# Soaking Mopani Wood



## clockworkmonkey (May 7, 2012)

So I've been soaking a new piece of mopani wood in a bucket full of conditioned water all day and no tannins have leached out. The piece is still floating at the top. Do I need to weigh it down with something? If so, what would be a good inert substance I could weigh it down with? I don't have any rocks available; I could go buy some at the shop but I'd rather not spend the money when I'm not going to have room for it in my new 2 gallon. I think that the wood is going to take up most of the space, if it even fits at all.


----------



## OVT (Nov 29, 2011)

I boil mine.

v3


----------



## clockworkmonkey (May 7, 2012)

And that gets the tannins out? How long should I boil it for?


----------



## Melted (Nov 22, 2013)

You can just keep emptying and refilling the pot until the water you dump out is no longer discoloured. theres no set amount as every piece is different.


----------



## DogFish (Jul 16, 2011)

Your not even close until it sinks. :smile:

The thicker the pc the longer it takes. I needed 3 wks on some pcs that are 4" thick. No need for treated soak water. Let it sit until the water turns yellow then dump the water and repeat.

Initially you might change water daily, then every 3 days, then maybe a week.

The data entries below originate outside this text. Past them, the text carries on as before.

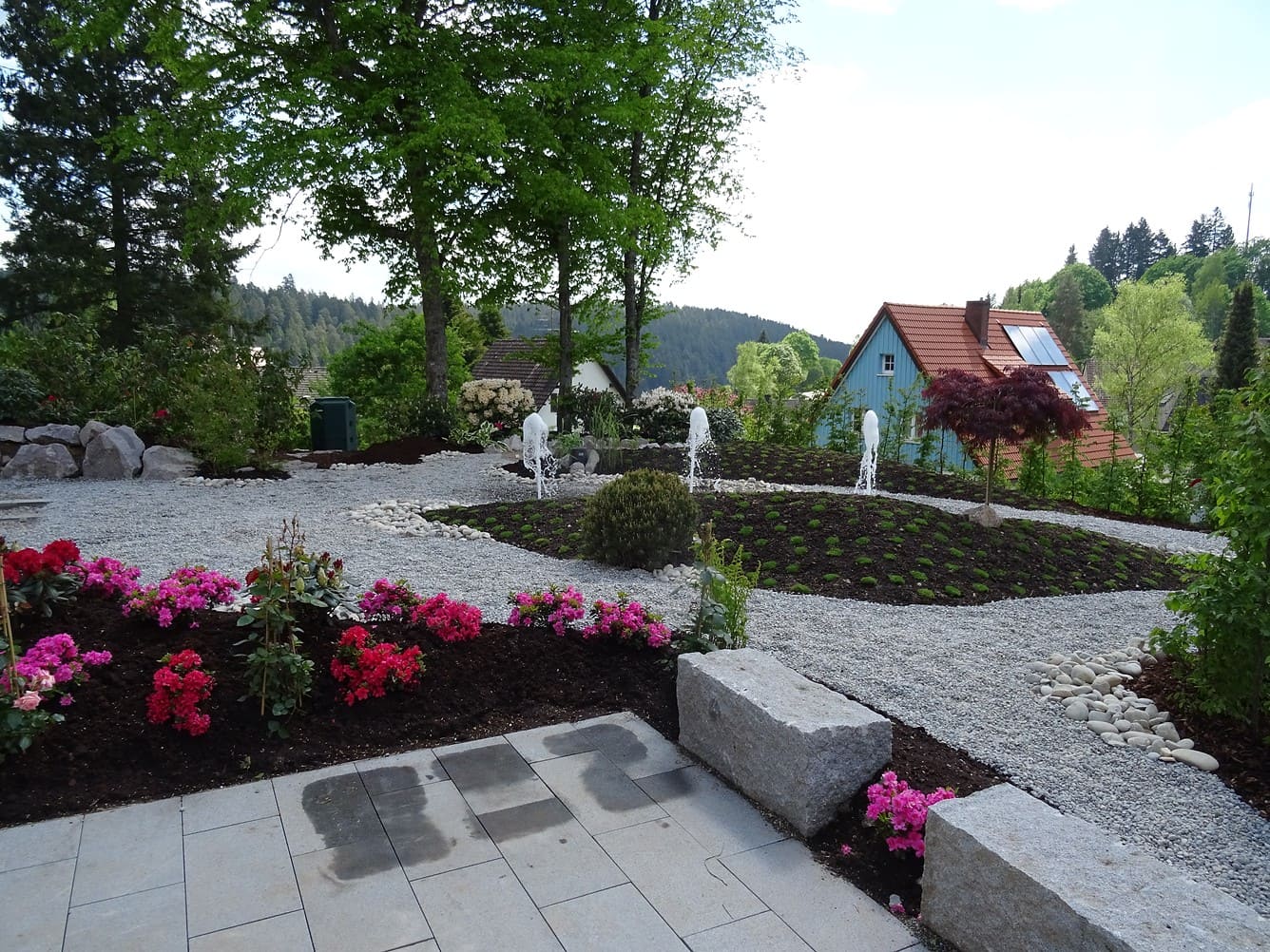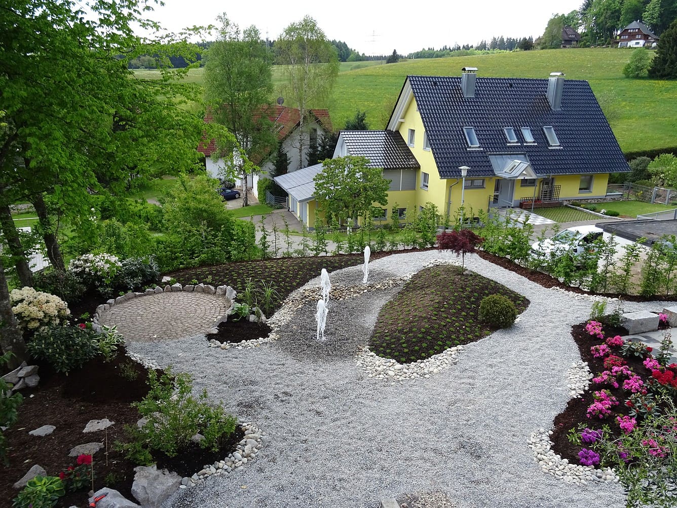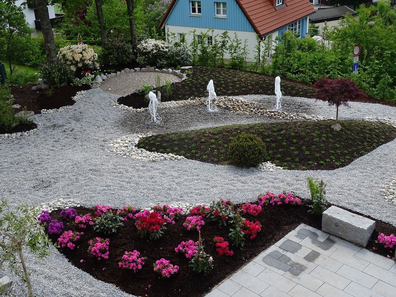 Bei einer Neuanlage geht es oft um alle Bereiche der Gartengestaltung: angefangen von Erdbewegungen und dem Abtrag von Aushub über die Anlage von Wegen und Treppenaufgängen, Hofgestaltungen und Einfassungen bis hin zu Pflanzungen und dekorativen Elementen. Wir beraten Sie schon in der Bauphase Ihres neuen Zuhauses und erstellen erste Planungsvorschläge anhand Ihrer Baupläne.
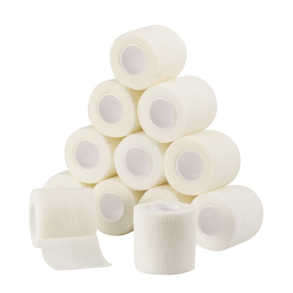 Sagafly Haftbandage Verband Selbstklebender 5cm x 4,5m, 12 Rollen Fixierbinde Selbsthaftend Koh?sive Bandage f1r Erste Hilfe Dog Tierarztwickelband Sport Elastische Binde f1r Handgelenk, F1?e (Wei?)
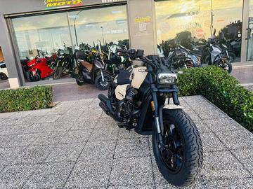 Leoncino Bobber 400 rappresenta la sintesi perfetta tra gli elementi iconici della gamma Leoncino e i tratti caratteristici che provengono dal settore custom/cruiser, qui reinterpretati dal Centro Stile Benelli. Ideale per l'uso urbano e per i viaggi fuori porta a breve e medio raggio, Leoncino Bobber garantisce un grande divertimento alla guida, unito al fascino di una moto dalle linee originali, che non passa mai inosservata, nemmeno da ferma. Ed è proprio la sintesi tra i diversi elementi stilistici la sua cifra distintiva: il parafango anteriore minimale, dove troneggia il Leoncino, la linea bassa enfatizzata dal doppio scarico laterale sovrapposto e la coda tronca sono alcuni tra i dettagli che denotano il suo spirito Bobber. I richiami al mondo Leoncino sono invece dati dal serbatoio dalla forma caratteristica, dalla firma luminosa ad arco presente nel faro anteriore e, ancora, dai fregi distintivi sui fianchetti.Anche il propulsore bicilindrico a V di 60°, omologato Euro5+, rappresenta una novità assoluta per Benelli e diviene elemento di design. Lo si nota dai dettagli, come l'alettatura di raffreddamento che impreziosisce il propulsore, raffreddato altrimenti a liquido, oppure dallo splendido elemento filtrante a vista, che cattura l'attenzione e diviene elemento fortemente identitario per il modello. Tra le novità in ambito tecnico figurano anche la trasmissione a cinghia e il controllo di trazione. Il manubrio con specchietti "bar-end", insieme alla strumentazione digitale "minimal", permettono al pilota di avere un perfetto controllo una volta in movimento, quando si potrà apprezzare anche l'originalità della posizione tipicamente cruiser, con le pedane avanzate che consentono una guida comoda e rilassata.Leoncino Bobber 400 è disponibile nelle colorazioni Desert Tan, Midnight Black e Onix Grey al prezzo di 5.490€ f.c.
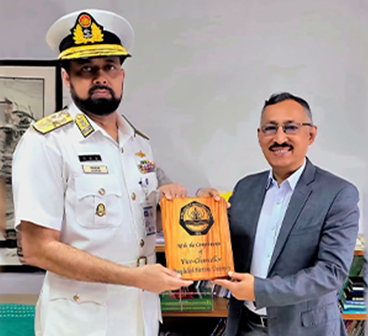 The new appointed honourable Vice Chancellor of Bangladesh Maritime University Rear Admiral Dr. Khandakar Akhter Hossain, NUP, ndc, psc, PhD paid a courtesy call on with honourable Senior Secretary of Secondary and Higher Education Division Mr. Siddique Zobair on 13 May 2025. He had a fruitful discussion with the Senior Secretary describing the ongoing academic and administrative activities of the university at its temporary campus. He has also informed the Senior Secretary about the ongoing construction works of establishing university's permanent campus at Hamidchar, Chattogram. At that time the Honourable Senior Secretary assured the Vice Chancellor to whole hearted support to smooth journey of the university along with establishing permanent campus.
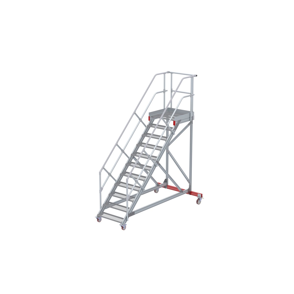 Wartungsbühne 45° mit 11 Stufen 800 mm breiteuroline – der sichere AufstiegMobile – Wartungsbühnen als sicheres und flexibles Arbeitsmittel. Geeignet für Arbeiten an großen Maschinen, Containern, Nutzfahrzeugen oder Regalen. Durch die leichtgängigen Lenkrollen können die Wartungsbühnen flexibel und einfach an verschiedene Einsatzorte transportiert werden.Diese Wartungsbühnen sind in der Standardausführung für unterschiedliche örtliche Gegebenheiten in zahlreichen Ausführungen verfügbar, welche Sie in unseren Empfehlungen verlinkt finden. Die hervorragend verarbeitete Steigtechnik Produktserie mit wählbaren Steigungswinkeln (45° für einen bequemen Aufstieg, 60° für beengte Platzverhältnisse) verschiedene Höhen und 3 Standard Stufenbreiten (600 mm, 800 mm, 1000 mm), vereinen Sicherheit und Flexibilität. Als Standard – Stufenausführungen haben Sie die Wahl zwischen Stufen in Alu-gerieft …
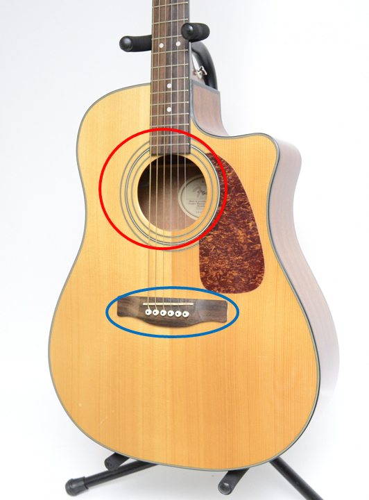 바디는 바로 이 부분을 말합니다. 빨간 원 부분은 위 그림과 같이 어쿠스틱 기타의 소리가 더욱 풍성하게 울릴 수 있도록 만들어 주는 울림구멍입니다. 전자기타의 경우는 픽업이라는 장치를 통해 줄의 소리가 앰프를 통해 나올 수 있게 만들어주죠.
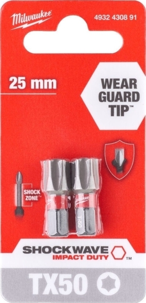 - Біти Milwaukee Shockwave, TX50х25мм, набір 2шт (4932430891)
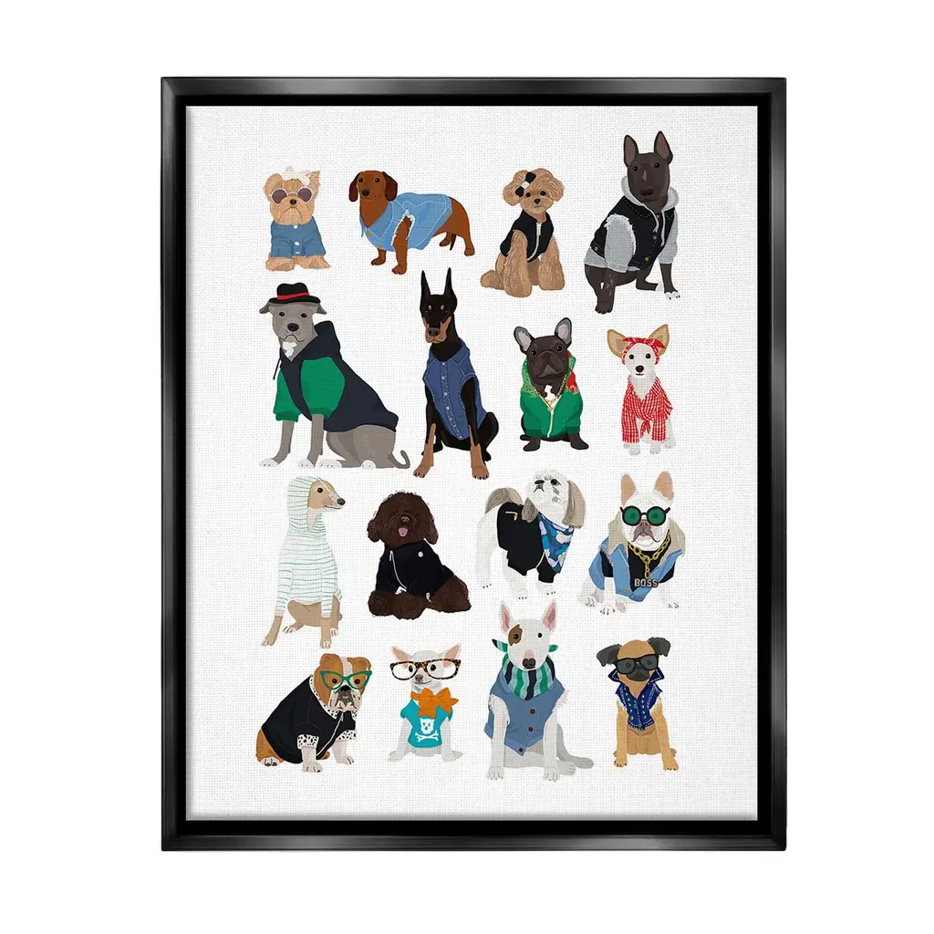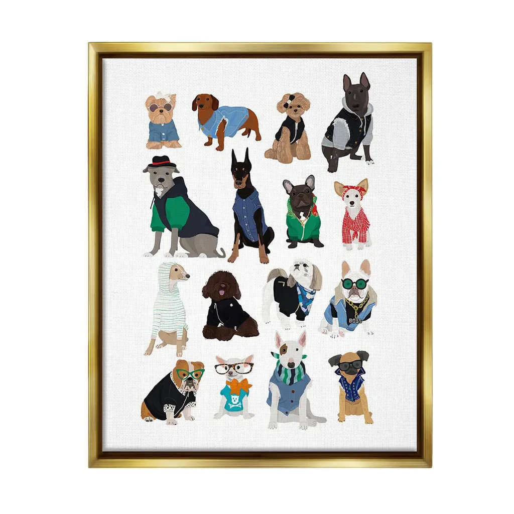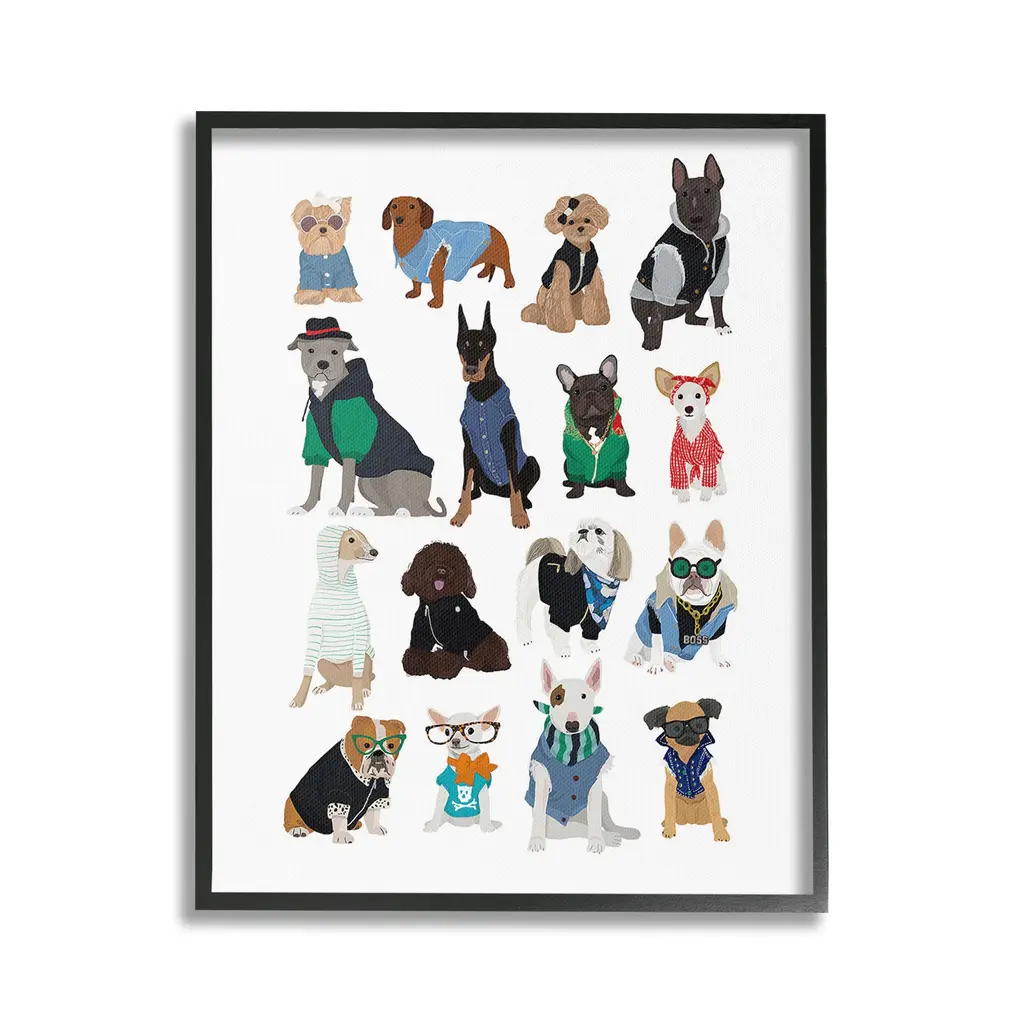 Stupell Dogs With Various Fashion Framed Giclee Art Design By Hanna Melin - 24 X 30 - White
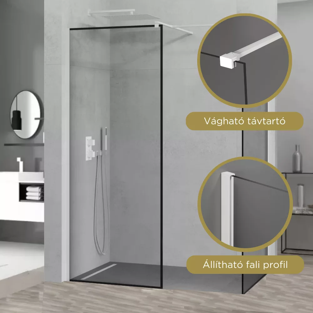 A mai modern stílusnak megfelelően alkottuk meg a visszafogott, mégis szemet gyönyörködtető Walk-In zuhanyfalunkat. Helyet kaphat bármilyen stílusú fürdőszobában, képes a belső összképhez hozzájárulni. A fehér színű profilok és távtartó remek színárnyalatban készülnek el, ami a különböző megvilágítások alatt is kellemes érzetet keltenek.
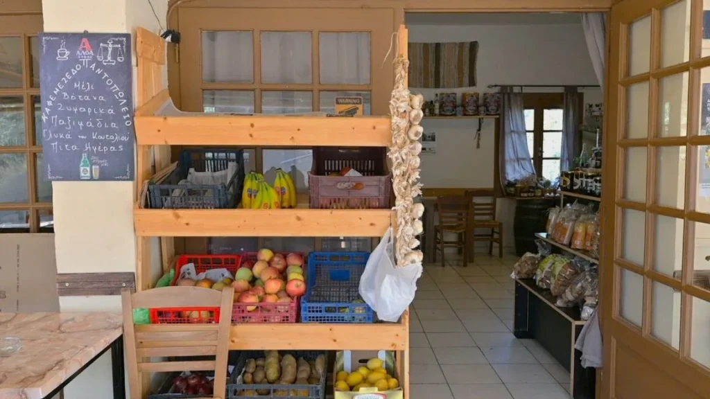 Αλλά να που σήμερα, αυτός ο τόπος ζωντανεύει ξανά και γίνεται από πέρασμα, στέκι! Πώς; Με το καφενείο – μπακάλικο – ταχυδρομείο – ό, τι προκύψει στο χωριό. Γιατί σε αυτά τα μέρη όπως και τότε, έτσι και τώρα, το καφενείο ήταν κάτι σαν κέντρο. Εκεί που θα ψώνιζες, θα έπινες καφέ, θα μάθαινες τα νέα, θα τσίμπαγες κάτι το μεσημέρι μετά τις δουλειές στο χωράφι.
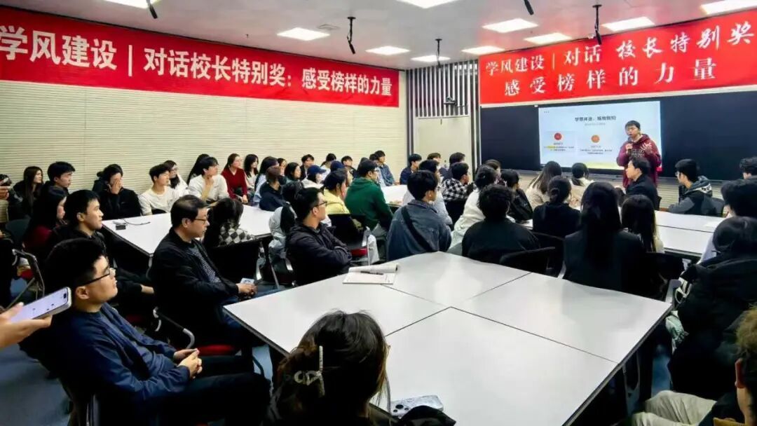 “原来校长特别奖得主就在身边,学长学姐的经验让我对未来规划豁然开朗。”“互动环节太精彩了,这种面对面的深入交流太有用了”“学长分享的时间管理、抗压方法极具实操性,令我对未来学习规划更加清晰。”作为辅导员,看到学生们打开心扉,畅所欲言,真的感动!小规模形式让每个人都有充分表达的机会,让交流更真实、更有针对性。

The good thing is Mopane lasts a long time.


----------



## Italionstallion888 (Jun 29, 2013)

I have done this method with 7 decent sized mopani.

Boil in a dutch over/large pot for 2 hours (adding water as the water line drops)

remove and place in a bucket with cold water for 2 hours

boil again for 2 hours

remove and place in a bucket with cold water for 2 hours

do this until the water when boiling is no longer dark tea, if I can see the bottom of the pot it's ready to go. Let it sit out over night and dry. Your water in the tank will get a bit tea colored, but just put it in a few days before a water change.


----------



## clockworkmonkey (May 7, 2012)

Thanks, everyone. I'll try boiling it.


----------



## lochaber (Jan 23, 2012)

ditto on the bit about not needing treated water. Any chlorine present is going to be exhausted long before the water looks discolored.

As to boiling, I think it's best if you let it cool in the pot, but I don't think it will make much of a difference.. You ever take a chem class where you had to use 'boiling chips' or stick a toothpick in a flask when you were heating it? The whole point of that was to stick something air-filled and porous in, so that when it was heated the air pockets would expand out of the stone/wood, and serve as seed bubbles for the boiling water. Kept the bubble formation nice and controlled, and prevented those big bubbles that could 'burp' out a bunch of the liquid, or even your test tube or something. However, once you stopped boiling that particular bit of water, you had to put in a new stick/chip if you wanted to start boiling again, this is because as it cooled, the air pockets contracted, drawing water into the pores of the chip/stick, and it wouldn't work until it was dried out again. Similar bit with boiling driftwood - the heat forces the air out of the pores, and when it's cooled, the water is drawn back into it.
Plus it gets the tannins to leach quite a bit quicker.

If you know how you want to position the wood, bolting it onto a piece of slate is a pretty effective method. I'm pretty fond of this method, it gets the wood to sink from the beginning, and it allows you to position it in almost any position and have it be really stable (upright, at an angle, leaning, whatever). Slate tiles are fairly inexpensive in the flooring section of Home Depot/Lowe's, and they are really easy to drill with a masonry bit.


----------